## Exercise prompt
Please give the whole listing again word for word, and drop any pictures it holds.

## Given material
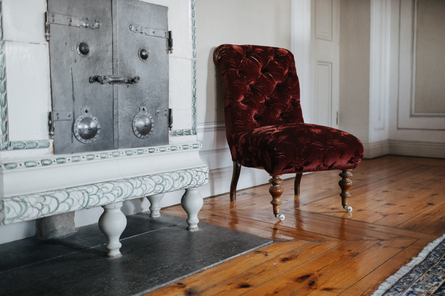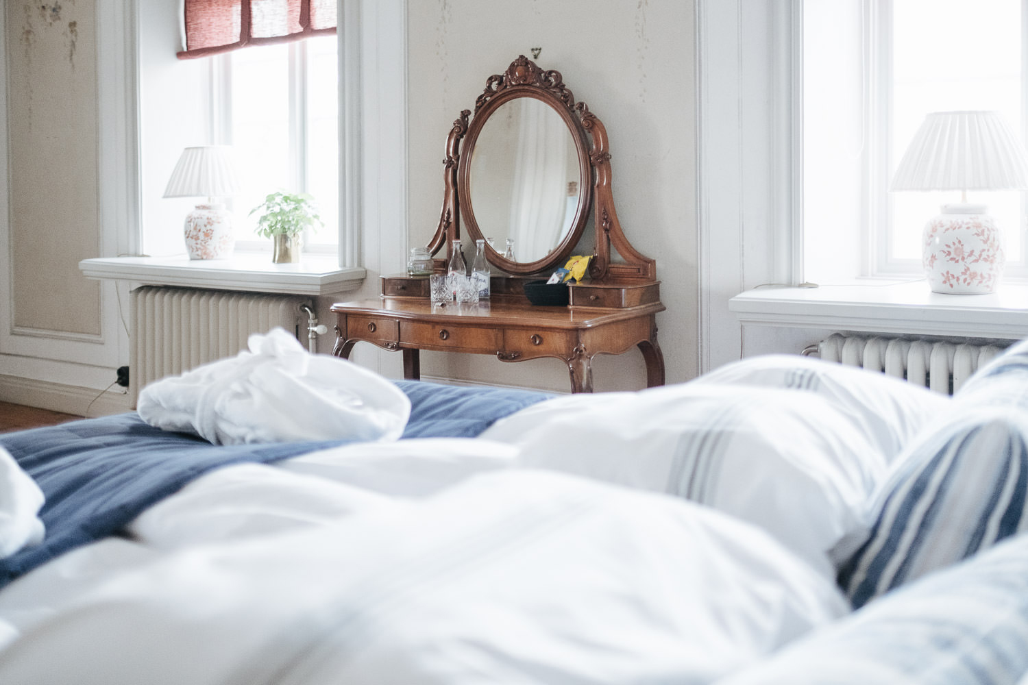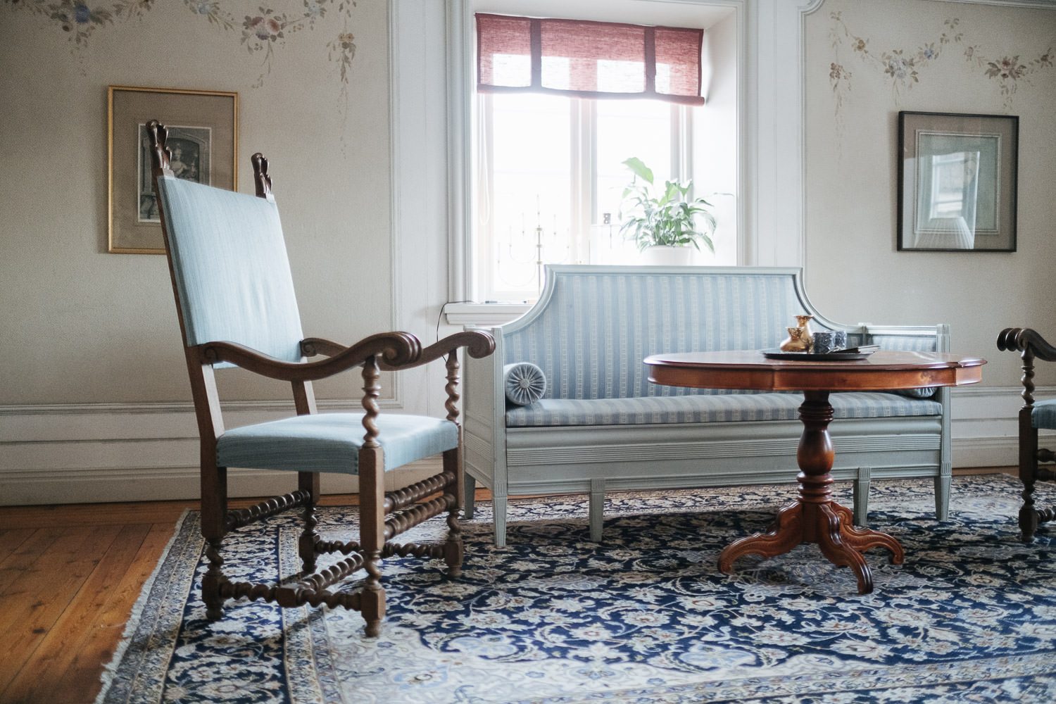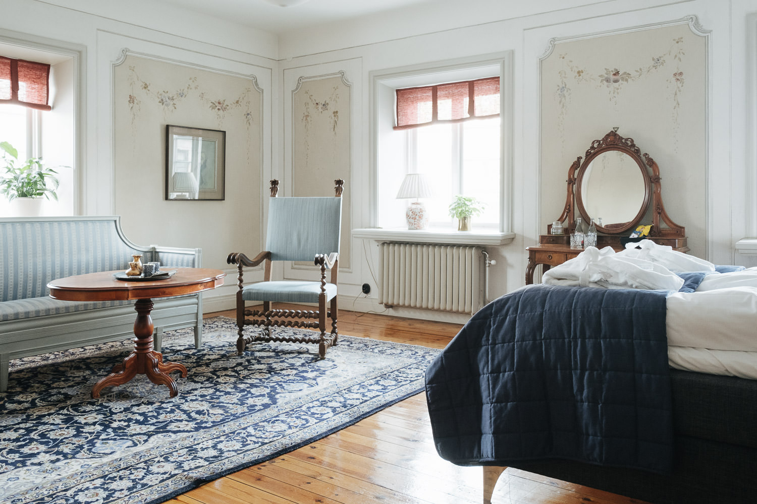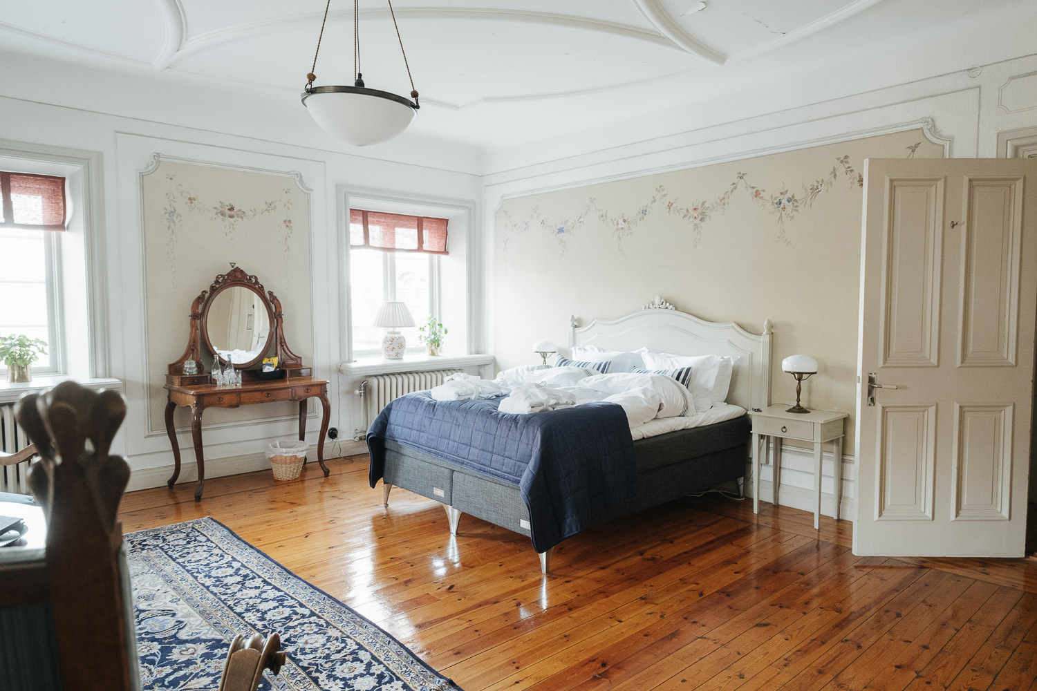 Här bodde kung Oscar II vid sina besök på herrgården. Ännu ett rum för spökena säger de som känner efter, kan det möjligen vara kung Oscar? Oroa dig inte, spökena är vänliga så låt inte det avskräcka dig från en natt i detta vackra rum! Underbara målningar på väggarna, färgerna matchade av vår härliga inredare Maria Samuelsson från FORMaria, en härlig sittgrupp och en ny dubbelsäng från Zebra Collection.
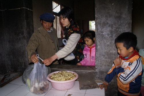 圖為:早晨,丁潔將學(xué)生帶的土豆、玉米面、蒜頭等送到“愛(ài)心食堂”(由社會(huì)愛(ài)心人士捐建的),交給食堂師傅給孩子們做中餐
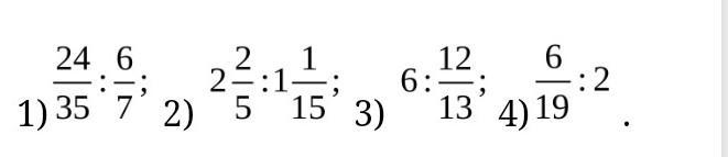 1) переварачиваем вторую дробь, меняем знак на умножение и получаем: 24/35*7/6, дальше идёт сокращение, и получается 4/5.
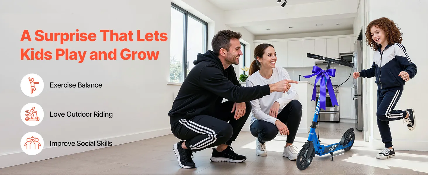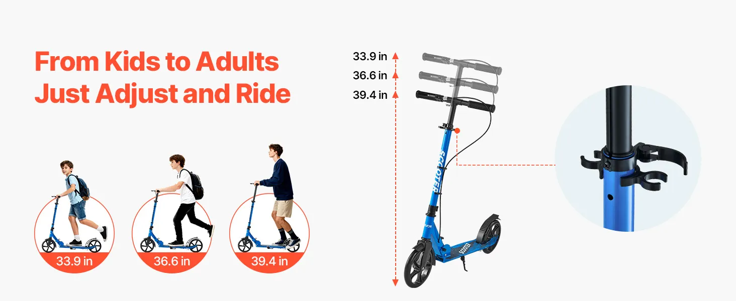 Táto detská kolobežka je vhodná pre rôzne vekové skupiny, umožňuje deťom užiť si aktívnu zábavu a rodičom poskytuje pohodlnú možnosť cestovania. Vďaka vysokej nosnosti a veľkým kolesám jazdí hladko na vnútorných podlahách aj vonkajších povrchoch.

## Result of this task
 Här bodde kung Oscar II vid sina besök på herrgården. Ännu ett rum för spökena säger de som känner efter, kan det möjligen vara kung Oscar? Oroa dig inte, spökena är vänliga så låt inte det avskräcka dig från en natt i detta vackra rum! Underbara målningar på väggarna, färgerna matchade av vår härliga inredare Maria Samuelsson från FORMaria, en härlig sittgrupp och en ny dubbelsäng från Zebra Collection.
 圖為:早晨,丁潔將學(xué)生帶的土豆、玉米面、蒜頭等送到“愛(ài)心食堂”(由社會(huì)愛(ài)心人士捐建的),交給食堂師傅給孩子們做中餐
 1) переварачиваем вторую дробь, меняем знак на умножение и получаем: 24/35*7/6, дальше идёт сокращение, и получается 4/5.
 Táto detská kolobežka je vhodná pre rôzne vekové skupiny, umožňuje deťom užiť si aktívnu zábavu a rodičom poskytuje pohodlnú možnosť cestovania. Vďaka vysokej nosnosti a veľkým kolesám jazdí hladko na vnútorných podlahách aj vonkajších povrchoch.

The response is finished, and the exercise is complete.